Anthropogenic effects could bias measurement of evolutionary success, in that any form of domestication alters levels of genetic diversity (Meyer and Purugganan 2013). More importantly, it has recently been suggested that M. flexuosa is hyperdominant because it was domesticated (Levis et al. 2017). Under domestication we expect to find lower genetic diversity in domesticated than in wild populations (Tanksley 1997). In fact, populations sampled in this work show high genetic diversity and number of alleles. Even populations with small sample sizes show a relatively high mean number of alleles per locus and high genetic diversity (e.g. NLA, Table S2, n = 7, A = 6.8, He = 0.839). We compared indices of genetic diversity between populations sampled close to and far from archaeological sites in Amazonia and found no significant differences (see Table S14). Despite the suggestion that M. flexuosa is a domesticated species (Rull and Montoya 2014; Levis et al. 2017), we argue that there is no genetic evidence for domestication in neutral markers. Mauritia flexuosa is associated to watercourses that are often desirable for human settlements, which may explain the association of M. flexuosa and archaeological sites. Humans usually harvest young leaves to make handicrafts and seeds for oil extraction and homemade candy recipes, however these local harvesting practices do not affect the survival, growth, or leaf production of M. flexuosa (Sampaio et al. 2008). Seed dormancy due to physiological and morphological adaptations to swampy environment and recalcitrance (Silva et al. 2014) may actually hamper the domestication of this palm species as seeds may not be easily stored and germinated.

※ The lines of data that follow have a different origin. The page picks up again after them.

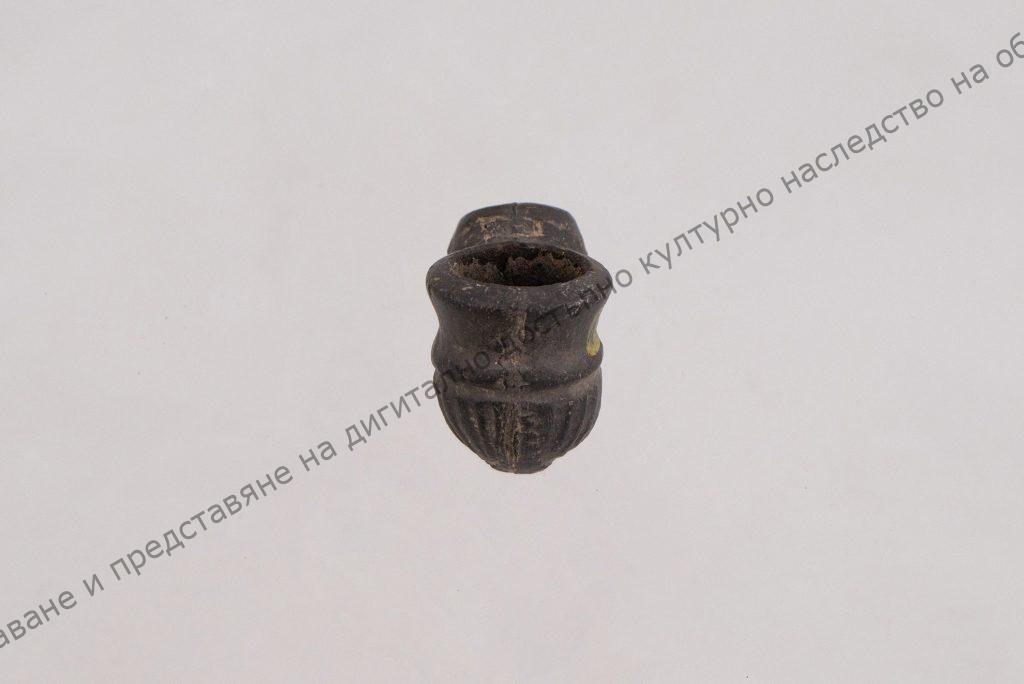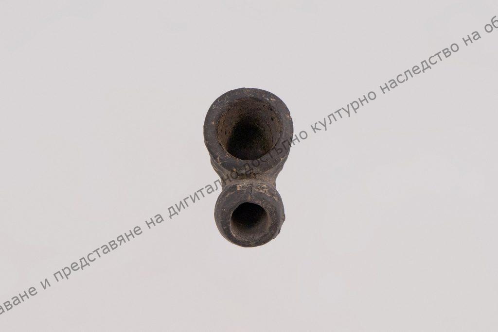 Черна глина. От едната страна поставен номер „N 4“. Украса точки и черти
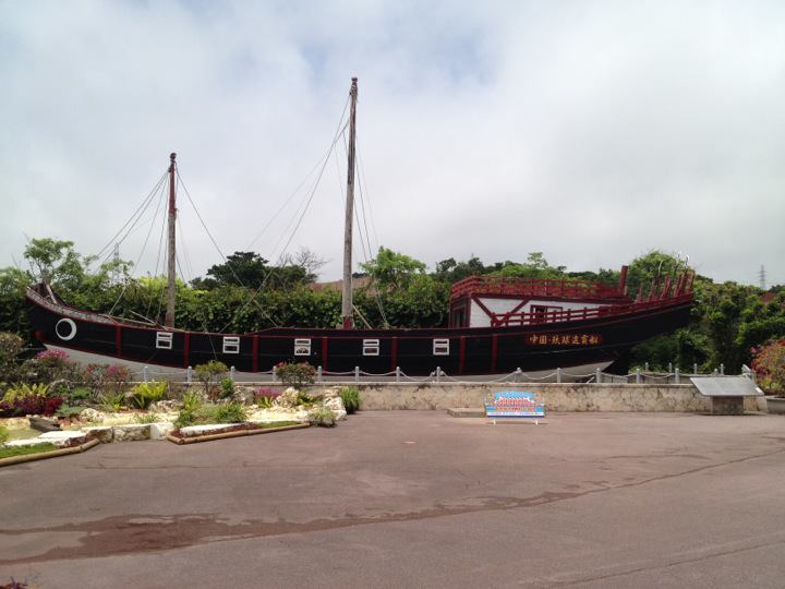 写真の船は、おきなわワールドの入り口にある琉球古船【進貢船(しんこうせん)】
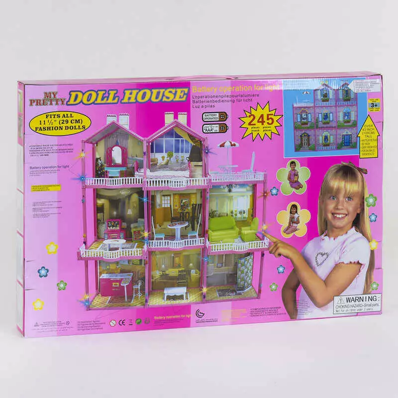 Будиночок для ляльок 6992 (6) 3 поверхи, світло, меблі (висота 109 см), в коробці
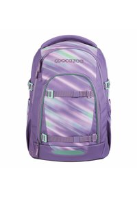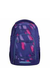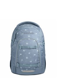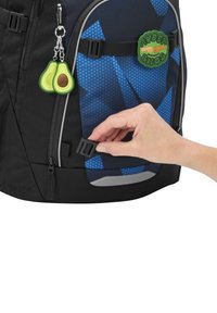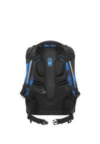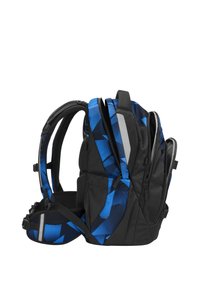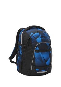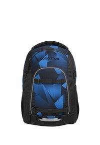 Sac à dos scolaire bleu et noir avec un motif géométrique, poche avant zippée, bretelles réglables et logo Coocazoo sur le devant en haut.
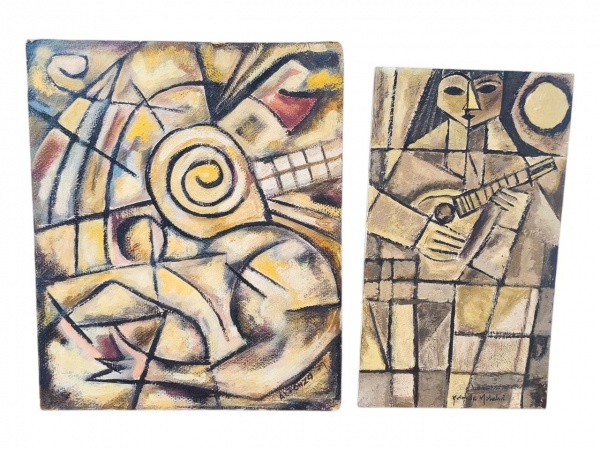 • QUADRO, duas (2) pinturas sobre tela, sendo: A) composição abstrata, sobre eucatex, assinada Alfronzo no canto inferior, datado de 1979, medindo 32x26,5cm B) composição cubista/figurativa, sobre eucatex, representando personagem com instrumento musical, possivelmente assinada Yutride Myhalya no canto inferior, medindo 29,5x16,5cm.
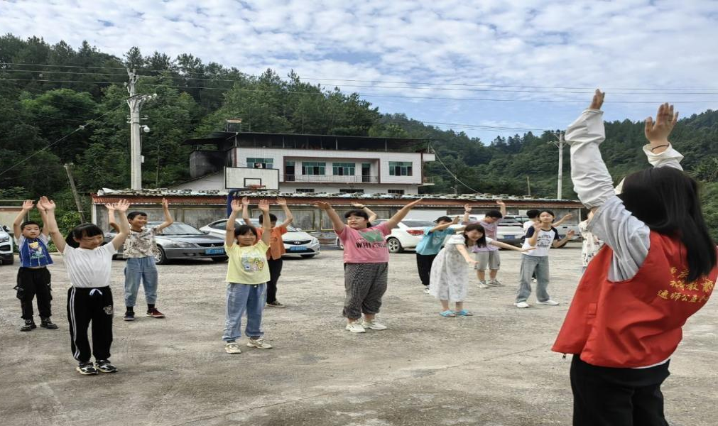 △三坪村志愿者带领学生做早操 卢雨彤摄
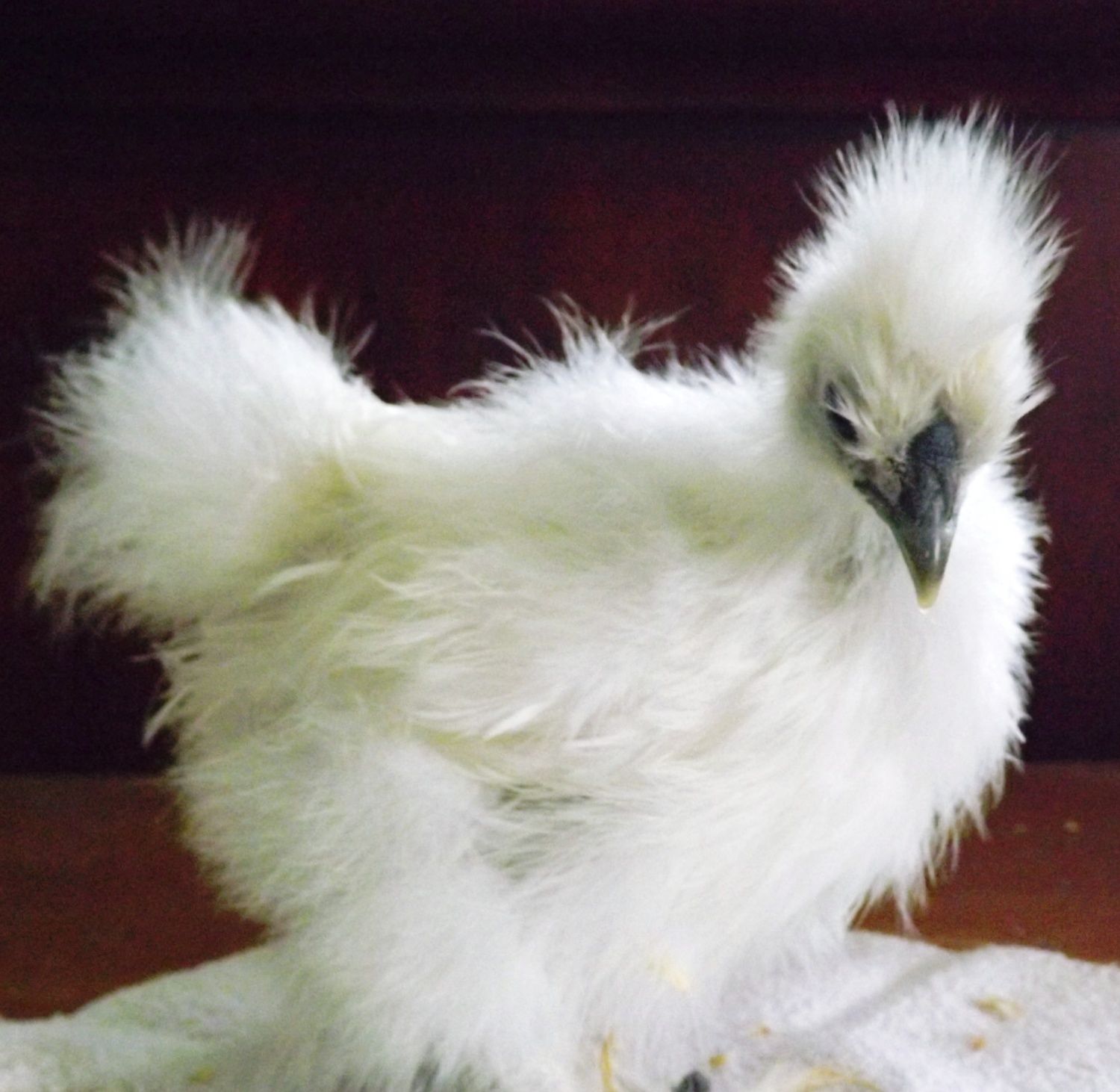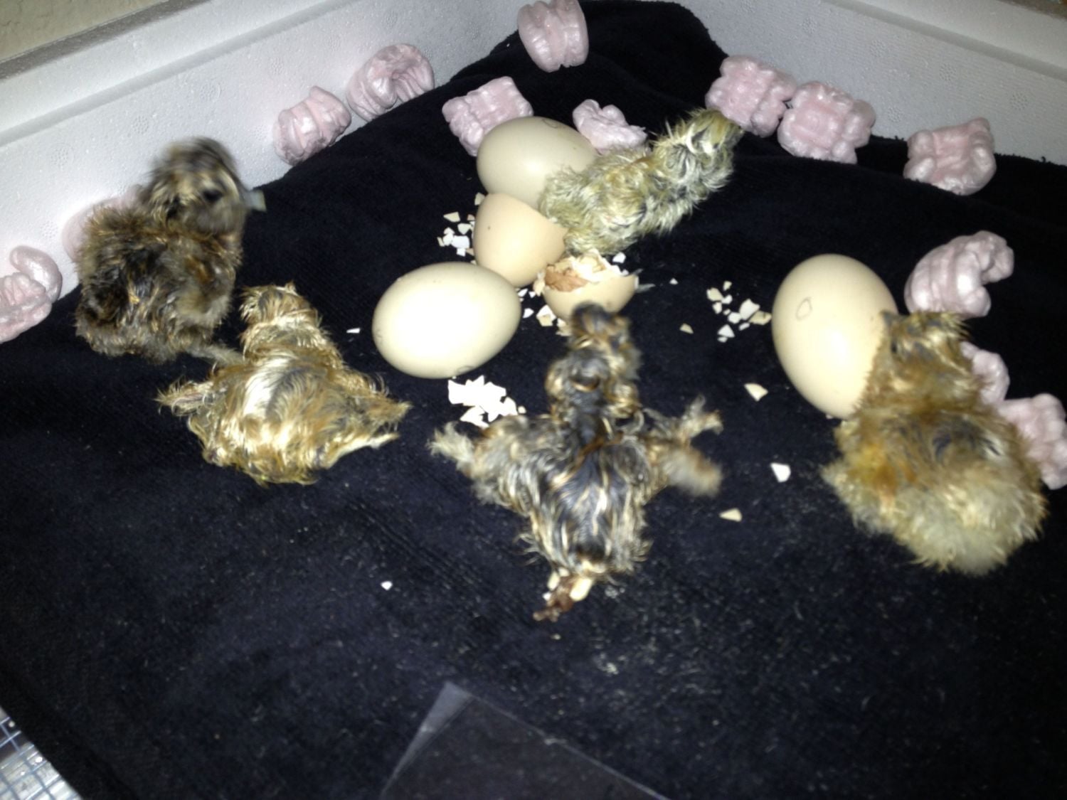 I don't know about #1 but #2 definitely looks Porcelain to me. My two Porcelain boys look very different from each other. One has more blue tones with darker points. The other is more creamy blue with buff points. Karen's Porcelains are stunning. I need to go pick up more eggs. I'd like to get some girls for these boys.So chicks #1 and 2 could be Porcelain?? That would be my favorite!!

Although Amazonia and the Cerrado biomes have similar genetic diversity, the Amazon and Araguaia-Tocantins river basins had higher genetic diversity compared to the other river basins. Most populations in the Amazon and Araguaia-Tocantins basins are inside the historical climatic refugium and are in climatically suitable sites through geological time (Fig. 4). This stability through time may have allowed for species persistence and higher effective populations sizes, increasing genetic diversity. The Amazon and Araguaia-Tocantins river basins also had high historical connectivity, which may explain their higher genetic diversity. Other palm species show lower genetic diversity compared to M. flexuosa, such as Livistona carinensis (Shapcott et al. 2009), Carpoxylon macrospermum (Dowe et al. 1997), Ptychosperma macarthurii (Shapcott 1998). Those palm species have smaller populations compared to M. flexuosa, which may cause the lower genetic diversity (Shapcott et al. 2009). On the other hand, Euterpe edulis (Carvalho et al. 2017), a widely distributed Neotropical palm species show similar genetic diversity compared to M. flexuosa. Domesticated palm species such as Elaeis guineensis (He = 0.644; Bakoumé et al. 2015) and Cocos nucifera (He ranging from 0.40 to 0.62; Loiola et al. 2016) have lower genetic diversity than M. flexuosa.

In conclusion, our findings show high differentiation among populations of M. flexuosa from Amazonian and the Cerrado biomes. Amazonian lineages are older than those from the Cerrado. The genetic admixture among populations of the southeastern Amazon and Araguaia-Tocantins river basins suggests a colonisation of the western Cerrado by lineages from Amazonia, which is also supported by asymmetrical migration from the Amazon basin into the Araguaia-Tocantins and a more ancient TMRCA. Using microsatellite markers we recovered the demographical history over the last c. 468.6 ka showing that the demographical dynamics of multiple refugia during the LGM, together with the soil and climatic environmental differences between biomes and river basins likely favoured the evolutionary success of M. flexuosa.

Data archiving

Additional data are provided as supporting information in the online version of this article.